EXERCISE MATERIALS >>

┌──

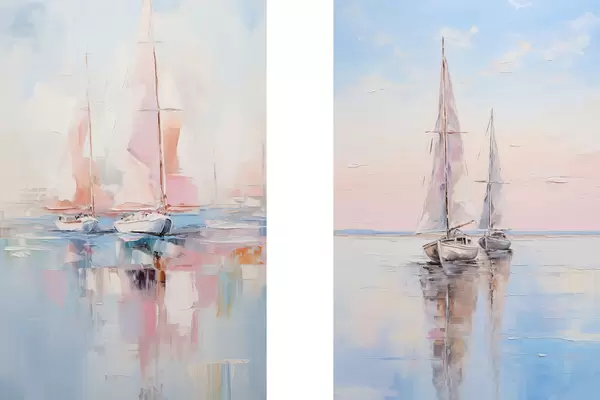 Постер на стіну Вітрильники з рожевими вітрилами, що пливуть по спокійному морю, відблиски човнів у воді, м'які пастельні кольори Nr d00648
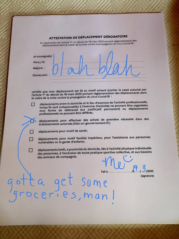 - Must carry an “Attestation De Deplacement Derogatoire” –Basically, a paper that tells why you’re out of the house, which you are required to show the police at their request
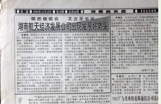 航發(fā)公司成立于19938月,最初從貿(mào)易起家,成立一年多后,實現(xiàn)了以極少的資源和投入實現(xiàn)發(fā)展盈利。當時的湖南航天整體搬遷至長沙,處于“謀發(fā)展、求新生”的階段,短時間內(nèi)能夠取得這樣的發(fā)展好勢頭顯得格外珍貴。湖南航天報相關(guān)記者在了解這一情況后特撰寫通訊文章來鼓舞職工士氣。今天是湖南航天成立54周年,回看這一篇報道,仍覺振奮。祝湖南航天生日快樂,越來越好!
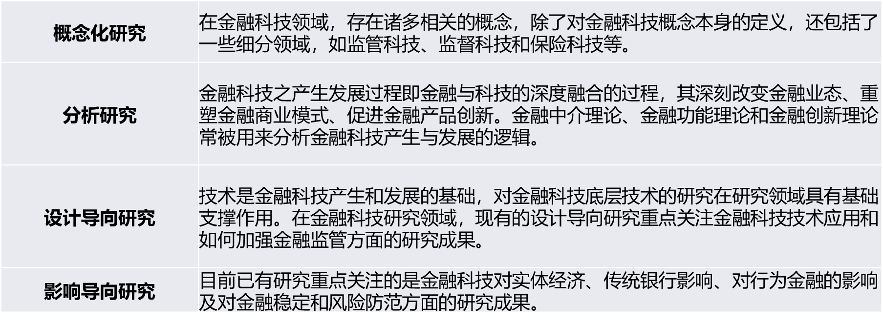 基于“价值空间分类框架”,对金融科技主题的研究按照概念化研究、分析研究、设计导向研究和影响研究进行分类梳理,对已有研究的关注重点总结如下。
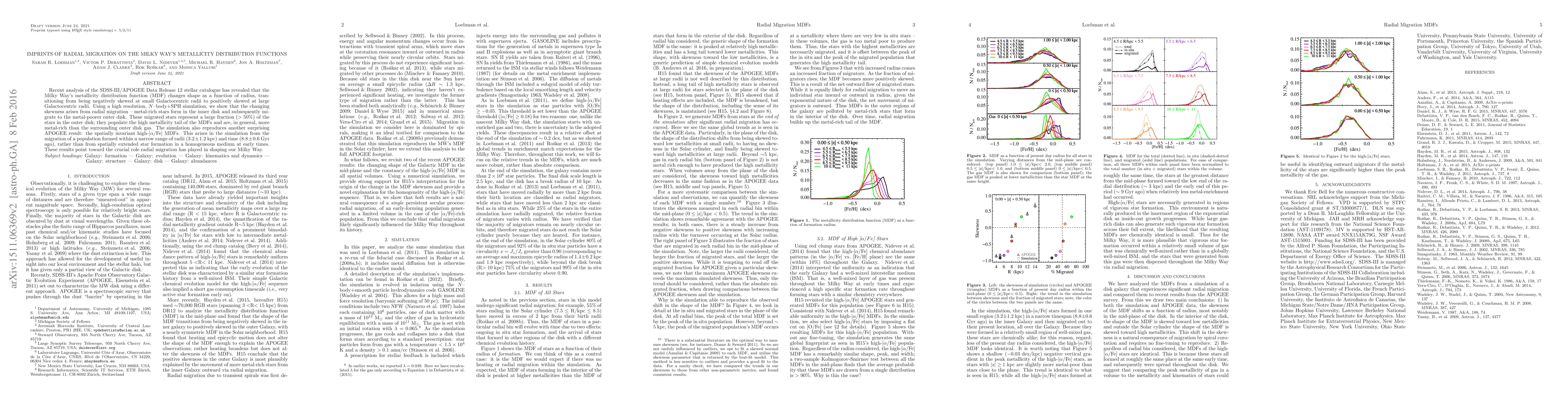 This paper demonstrates that radial migration significantly alters the Milky Way's metallicity distribution, with metal-rich stars migrating from the inner to the outer disk, causing a change in the skewness of the metallicity distribution function. The simulation also explains the invariant high-[alpha/Fe] MDFs across space, attributing them to a specific migration event.

└──

THE TASK >> If an entry above contains a picture, leave that picture out and copy everything else exactly.

EXERCISE ANSWER >>
 Постер на стіну Вітрильники з рожевими вітрилами, що пливуть по спокійному морю, відблиски човнів у воді, м'які пастельні кольори Nr d00648
 - Must carry an “Attestation De Deplacement Derogatoire” –Basically, a paper that tells why you’re out of the house, which you are required to show the police at their request
 航發(fā)公司成立于19938月,最初從貿(mào)易起家,成立一年多后,實現(xiàn)了以極少的資源和投入實現(xiàn)發(fā)展盈利。當時的湖南航天整體搬遷至長沙,處于“謀發(fā)展、求新生”的階段,短時間內(nèi)能夠取得這樣的發(fā)展好勢頭顯得格外珍貴。湖南航天報相關(guān)記者在了解這一情況后特撰寫通訊文章來鼓舞職工士氣。今天是湖南航天成立54周年,回看這一篇報道,仍覺振奮。祝湖南航天生日快樂,越來越好!
 基于“价值空间分类框架”,对金融科技主题的研究按照概念化研究、分析研究、设计导向研究和影响研究进行分类梳理,对已有研究的关注重点总结如下。
 This paper demonstrates that radial migration significantly alters the Milky Way's metallicity distribution, with metal-rich stars migrating from the inner to the outer disk, causing a change in the skewness of the metallicity distribution function. The simulation also explains the invariant high-[alpha/Fe] MDFs across space, attributing them to a specific migration event.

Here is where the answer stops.